I have been struggling for a while with some health issues. One thing after another. Test after test. Waiting. Appointments. More waiting. It has been exhausting. When the right tests came back that sent me to see a specialist, it still took a few months to be seen, but at least I would finally have my answers. Though the appointment was thorough, there were no answers. More specific tests would be needed, and I left the office so disappointed. Even more so, when I made the follow-up appointment for the test results, it was almost a month away. God knows I’ve been trying to be patient, but it has been such a struggle!

As I’ve been waiting and wondering what has been going on in my body, I thought I’d make use of the new online patient portal where I could see all sorts of information, including test results as they came in. I told myself I could figure out what was wrong with me without waiting a month to see the doctor again. Boy, was I wrong. My husband’s advice was to not Google. He said nothing good was going to come of me trying to diagnose myself, but it was too hard to see the results and not Google what they meant.

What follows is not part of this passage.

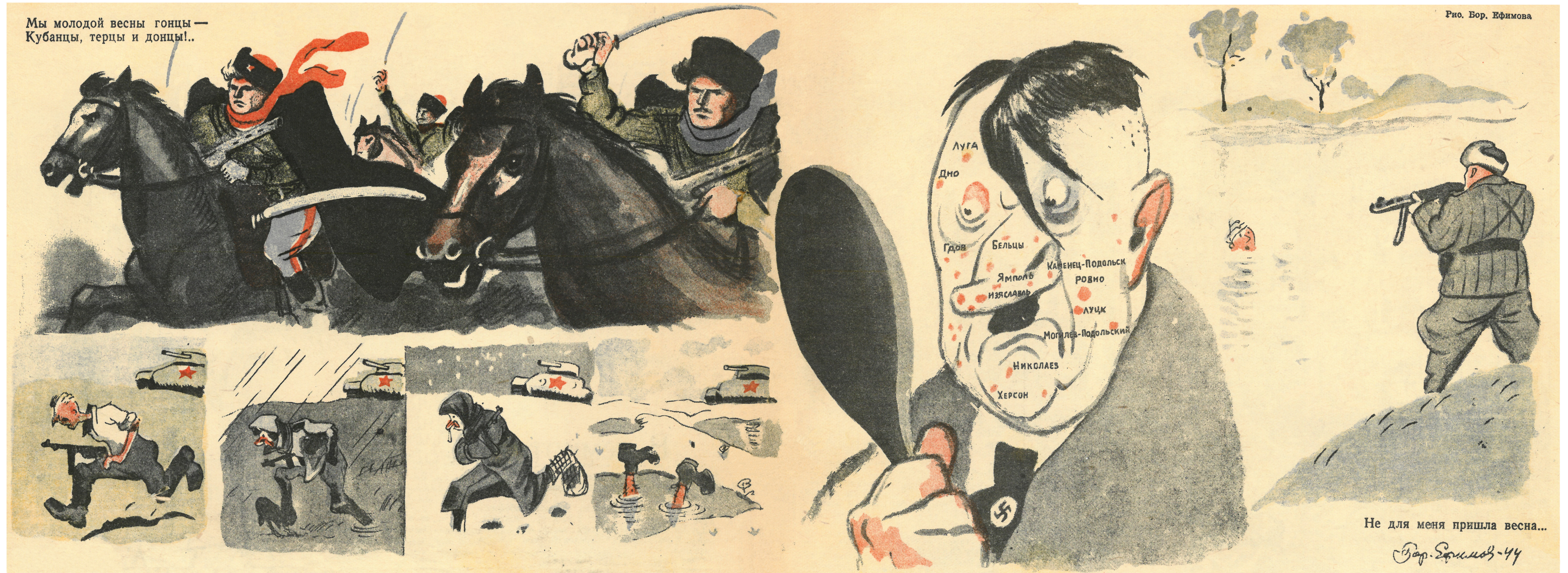
Весенние побеги во всех четырёх сезонах.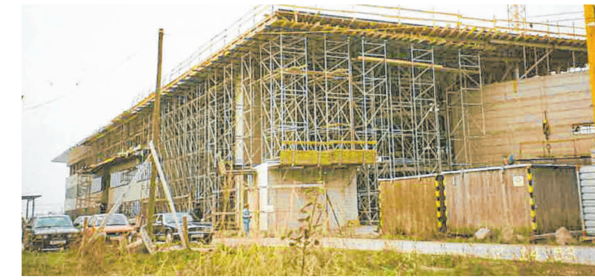
Das Vorarlberger Medienhaus im Bau.

The results were confusing and worrisome. Probably because I am not a doctor, and I did not study for years and years to understand what all of it meant! But I kept researching, trying to make sense of what made no sense. My weakness as a human let me think I had some kind of control over all of this. I was overthinking, and all it did was create more anxiety and fear.

Instead, what I needed was to remember Jesus’ wise advice about not worrying about tomorrow.

Therefore do not worry about tomorrow, for tomorrow will worry about itself. Each day has enough trouble of its own.
Matthew 6:34 (NIV)

I finally came to the realization that nothing I was going to figure out by Googling my test results was going to change a thing. I was inviting fear instead of admitting it was out of my control, and it was only robbing me of my peace. Worry and overthinking were not going to change my lab results. They would not change what the doctor would tell me. They would not change what would come ahead for my treatment.

Once I let that sink into my heart, I stopped searching for my own answers on Google, and I turned my dependence on God — where it should have been all along.

Cast all your anxiety on him because he cares for you.
1 Peter 5:7 (NIV)

I can draw closer to Him now because I’m not trying to control everything myself. That control couldn’t give me peace, but God can. I can choose to depend on God’s power and strength instead of my own, leaning fully into Him, knowing He will carry me in my weakness. Because of who He is, I can trust He will always be present.

It was a long drive to and from the doctor that day, almost five hours in the car. And after surrendering my health over to God, my normal overthinking, worrying self was no longer present. God was present. He gave me incredible peace. When the doctor explained my results — a systemic autoimmune disease, I was calm. It could have been better, of course, but it also could have been worse. And at least now I have answers and a plan.

I know I cannot do this on my own. I know I have limits. I know God made me with limits so I could depend on Him, so I could cling to Him and let fear be overcome with faith.

As Jesus says in Mark 5:36, “Don’t be afraid. Just have faith.” Faith and fear don’t go together. Let’s have faith over fear, friends!